このペンダントは貰っちゃったけどね。そーゆー意味では、ふたりの好意は受け取るつもりだけど先が不透明過ぎで。せめてこっちにずっといられるのか事が済めば強制帰還なのかが分かれば身の振りようもあるんだけど。
いまは自分のやれることをやって誤魔化してるんだよ。
てなことで悩んでも腹は減る。夕食は、頑張ったぶちこの好きなからあげを作った。大量に作ったが争奪戦になった。足りぬと皆が吠える。なぜだ。

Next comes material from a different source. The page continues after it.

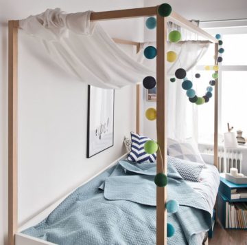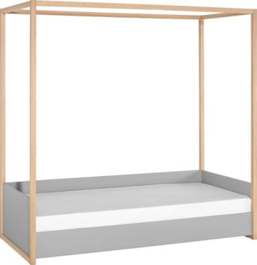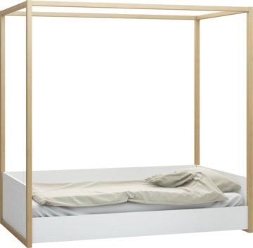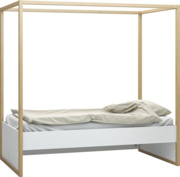 Dno postelje z baldahinom lahko nastavimo po višini, ali je povsem pri dnu, ali pa je za nekaj deset centimetrov dvignjeno nad tlom. To določimo pri montaži. Barve: bela-hrast ali siva-hrast. Dimenzije (dolžina x globina x višina): 97,5 x 208 x 207,5 cm. V posteljo ustreza ležišče dimenzije 90 x 200 cm. Ležišče in letveno dno nista vključena v ceno. Narejena je iz iverala, ki je zaščiten z melaminom vrhunske kakovosti.

翌朝、防寒着の試運転も含めてぶちこに空高く上がってもらった。イゴール村がゴマ粒以下になったあたりで普段着では限界なので防寒着を羽織り帽子をかぶり手袋をはめる。俺とベッキーさんはニット帽に耳が隠れるけどリーリさんは長耳だから専用カバーを追加してある。抜かりはない。
「わ、あったかい!」
「寒くないですわ、顔以外は!」
「うっひょー、顔が寒い!」
「わーっふー!」
俺たちが騒いでるからかぶちこも遠吠えだ。
防寒着だ大成功だ。裏地に羊毛そのものを縫い込んだから肌触りも抜群。冷たい空気も完全シャットアウトで体はポカポカだ。
顔以外はな!
「やばい、顔がヤバい、凍る! マフラーだ」
「このまふらーをすれば、風が入ってこないので耐えられそうですわ」
「顔に巻いたら前が見えないよー!」
「ベッキー、目を隠してはダメですわ」
ベッキーさんがもぞもぞとマフラーを下げる。
「あ、よく見えた! あ、あそこ!」
ベッキーさんが指さす先に、定規でまっすぐに線を引いたかのように、ある線から先が真っ白な世界が地平まで続いている。たぶんあれ、雪か氷だ。
「あれが、北限?」
マジで極寒世界じゃん。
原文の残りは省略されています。